Wallarm API Threat Statistics Report 2025

Keypoints

• Major cybersecurity vendor reports, such as Wallarm’s Q1 2025 API ThreatStats™, typically include sections on introduction, methodology, threat landscape analysis, detailed breach incidents, vulnerability trends, and conclusions with strategic insights.
• These reports generally analyze datasets from sources like CISA KEV, breach incident reports, published vulnerabilities, and new security issues identified in repositories such as GitHub, providing a comprehensive view of the current threat landscape.
• Key statistics reveal that in Q1 2025, 582 API-related vulnerabilities were disclosed with an average CVSS score of 7.42, indicating high-severity issues; access control vulnerabilities (such as broken access and authentication flaws) dominate the vulnerability landscape.
• Notable trends include a surge in API breaches caused by misconfigurations, hardcoded secrets, and unauthorized access, affecting diverse industries from healthcare to AI, underscoring the broad attack surface of APIs.

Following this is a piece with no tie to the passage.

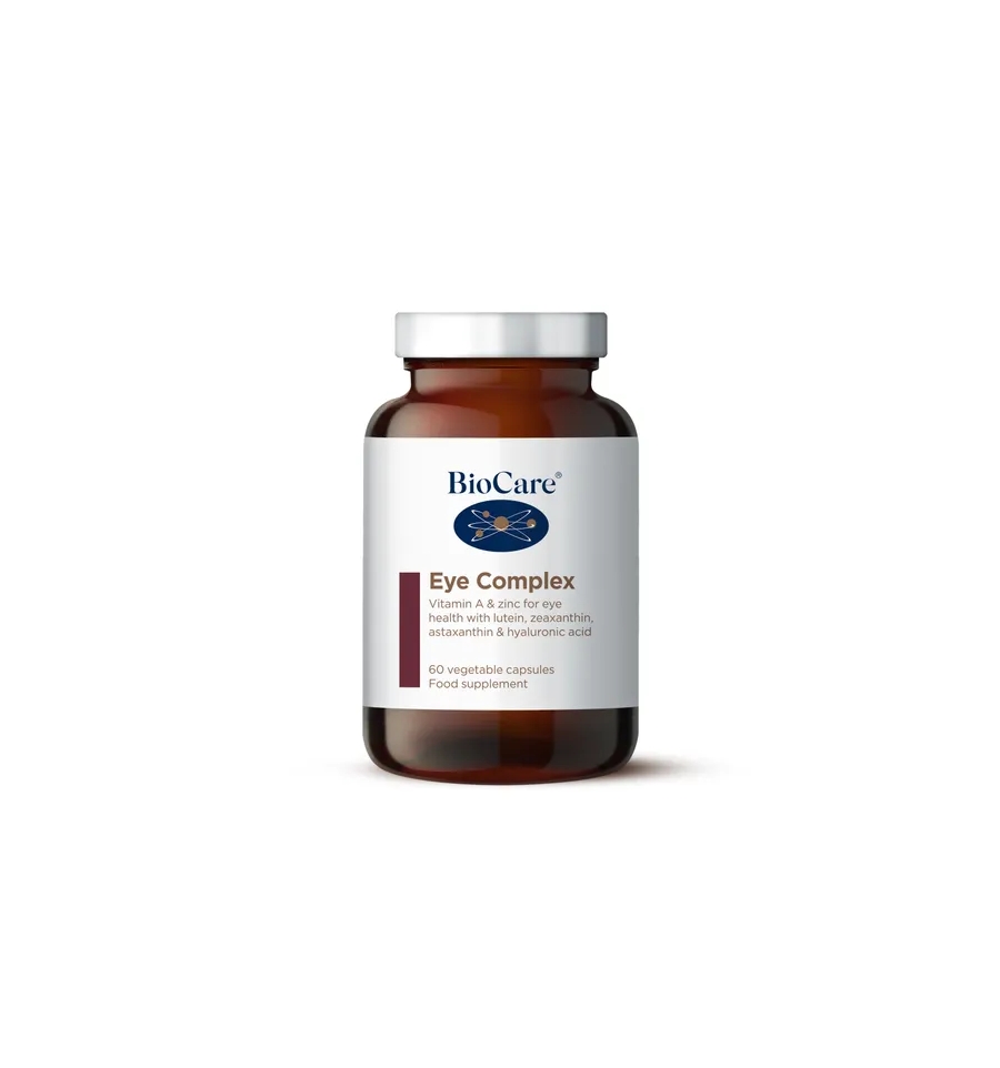 Nutrient complex with vitamins A and E, zinc, copper, lutein, astaxanthin and meso-zeaxanthin, bilberry, hyaluronic acid and L-taurine designed to support eye health

• The report highlights the increasing security risks posed by agentic AI systems, where 65% of issues in analyzed repositories are API-related, with common weaknesses like unmaintained third-party components and input validation flaws.
• Remediation times vary, with many issues fixed within a week, but some lingering over years, signaling ongoing challenges in vulnerability management.
• Overall, APIs are recognized as both the attack surface and a critical security front, necessitating continuous threat modeling, real-time monitoring, updated policies, and robust API security strategies.
• Practitioners are advised to update threat models quarterly, incorporate new threat intelligence, monitor API traffic, and develop comprehensive security strategies especially for agentic AI ecosystems.